さっきのバラードみたいに小さい声で、でも、オレの心に響く言葉で。
たった一言、その言葉を。

海風と共に告げられたその気持ち。
オレが言わないでおこうと思ったその言葉。
名取さんと気まずくなるくらいなら、ずっと胸に秘めていようと思ったその気持ちを。

海に夕陽が沈んで。世界は蒼く、そして暗くて。
でも、夕陽に変わりに暗い夜空には星が瞬き始めていて。
まるでその星の輝きみたいに名取さんの言葉がオレの中に煌めいている。

オレは名取さんに言わないでいようと思ったのに。
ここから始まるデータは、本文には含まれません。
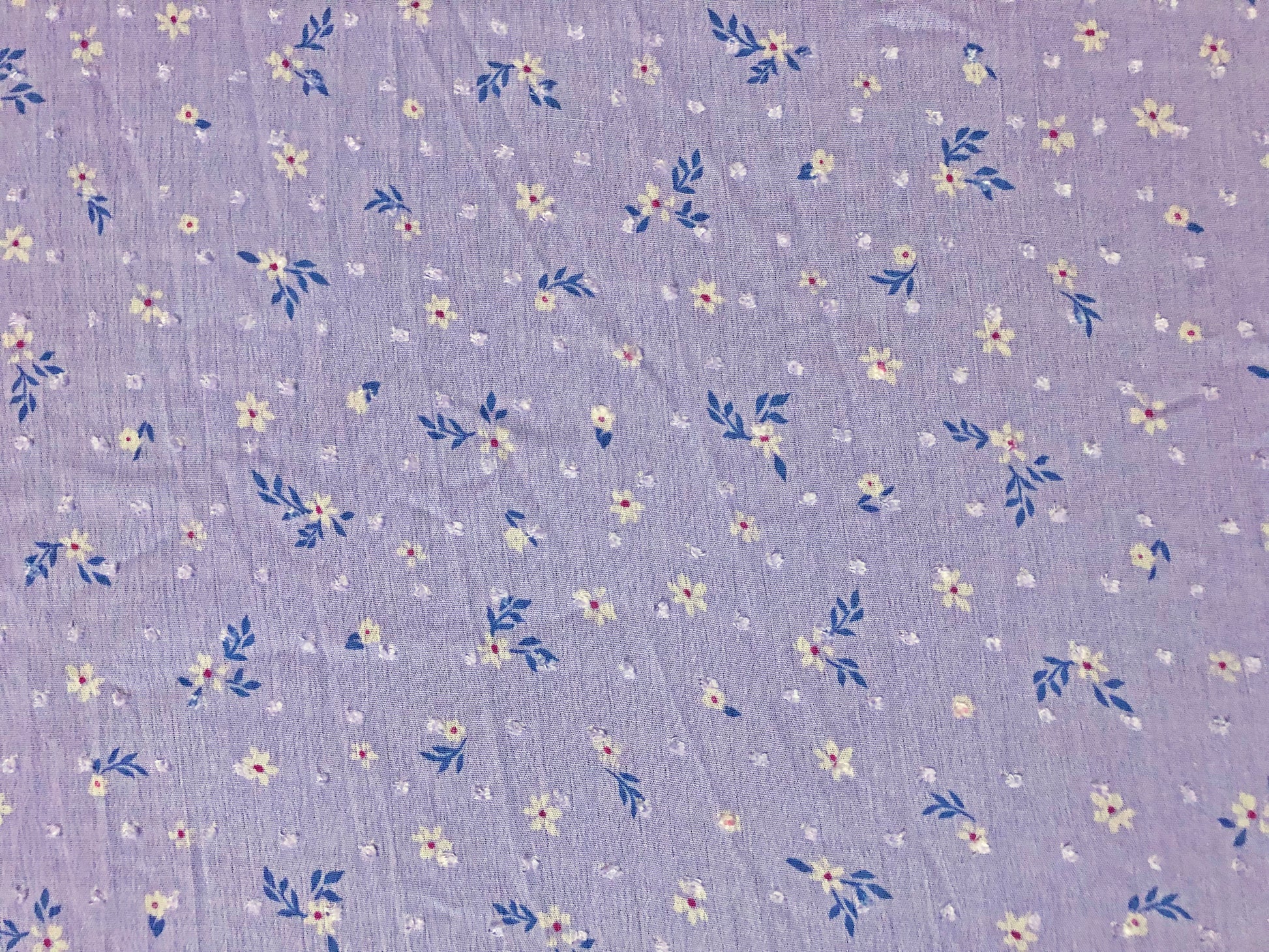 💜 Soft & charming: Lavender base with classic Swiss dots and scattered white ditsy florals with blue leaves—sweet, vintage vibe.

それでいいと納得したばかりなのに。

短い言葉。
だけど。
その言葉はおれの心の奥底までをも照らしてきた。


「夏目」
重ねて言われたその言葉に、おれの顔は夕陽なんか目じゃないってくらいに真っ赤に染まってる。
「ごめん、迷惑だったかな?」
名取さんは寂しそうに笑ってる。そんな顔、させたいんじゃないんです。
「これでも悩んだんだ。告げてしまえばもう今日みたいに夏目と過ごせる時間がなくなってしまうかも知れないとね。夏目に避けられるのは私も嫌でね。だから、賭けをしてみた。夏目がこの海を喜んでくれたら私の気持ちを君に告げようと」
おれは、この海を見て。名取さんへの気持ちを言わないままでいようってそう納得したって言うのに。名取さんは逆だった。
気持ちを、おれに伝えてくれた。
ほんと、こう云うところがおれと名取さんは反対で。タイミングもいつも合わなくて。
でも。
名取さんの気持ちはまるで星みたいにおれの中で瞬いている。
「ごめん夏目。私にいきなりこんなことを言われても、迷惑だね。……うん、気にしなくていいよ。言おうとそう賭けをしただけだから」
ああ、無理に迫ることはないから今まで通りたまには私に付き合ってくれると嬉しいけれど、気持ちを押しつけたり返事を強要したりはしないから。
そんなふうに名取さんはなんだかんだと続きの言葉を重ねていたけれど。そんな言い訳みたいなセリフはオレの耳には入ってこない。
ああ、もう。違います。おれも、同じ気持ちです。だからそんな言い訳なんていらないんです。
嬉しかったんです。海を見て、夕陽を見て、あなたの気持ちを伝えてもらって。